Sunday, December 04, 2011

I Poo, Therefore I Am

So a day after I watch what could possibly be the best marketing campaign I've seen all year (yes Chueys it's the damn Coke OFW campaign), I find myself on the toilet reading the latest Time magazine issue with the 50 most influential women article. And I have an existential moment (the kind that only ever happens when one is sitting on the toilet contemplating the mysteries of life).

I wonder if I hadn't stopped working -- would I be a Marketing Director by now?

Yes I know that is a very, very strange question to ask one's self while on the toilet (or anywhere else for that matter), but hear me out.
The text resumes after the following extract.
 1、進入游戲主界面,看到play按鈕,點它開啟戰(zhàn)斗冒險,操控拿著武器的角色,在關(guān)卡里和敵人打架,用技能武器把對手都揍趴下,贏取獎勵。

Ever since I started working back in 1996, I always knew what I wanted to be when I grew up. I was an assistant product manager for the Bank of the Philippine Islands back then, handling auto loans. I reported to a product manager, who in turn reported to the head of Marketing. I wanted to be that guy. Not my boss, but my boss' boss.

And it wasn't about being in a position to order people around, or having the head of the bank listen to you. It was because I knew in my heart, that given enough experience and exposure --- I could do his job. And I could be good at it.

So I spent the next 12 years of my life working on my career with that one goal in mind: become a marketing director before I was 40. Of a major Philippine bank. Or a multinational one. Whichever came first. Or paid me more money.

And I loved my job. I loved what I did. I loved the creativity that it required. I loved the analysis it took. I didn't want to be a Marketing Director who just ran campaigns and advertising strategies for the bank products. I wanted to be the one who built those products. And launched them. And grew them. And eventually killed them. Boy did I love my job.

There wasn't anything I wouldn't do for it either. Including spending half a year in various LTO offices gathering raw data, and churning market analysis based on that data, with my partner Kris. Scouring through piles and piles of car registrations and handwriting the information on it in cramped, smelly, un-airconditioned back offices of various government offices. Subsisting on bottles of diet coke and sky flakes crackers. Oh those were the days.

I've lost count of all the all-nighters I pulled with Tricia and Steve when we were launching/re-launching online banking for UBP when I moved there after BPI.

Giving the ad agency a heart attack when I insisted on doing online editing when they couldn't get my brochures right for CBC the night before my product launch.

Or personally/physically attaching stickers to new ATMs in SCB. And I was already an AVP by then.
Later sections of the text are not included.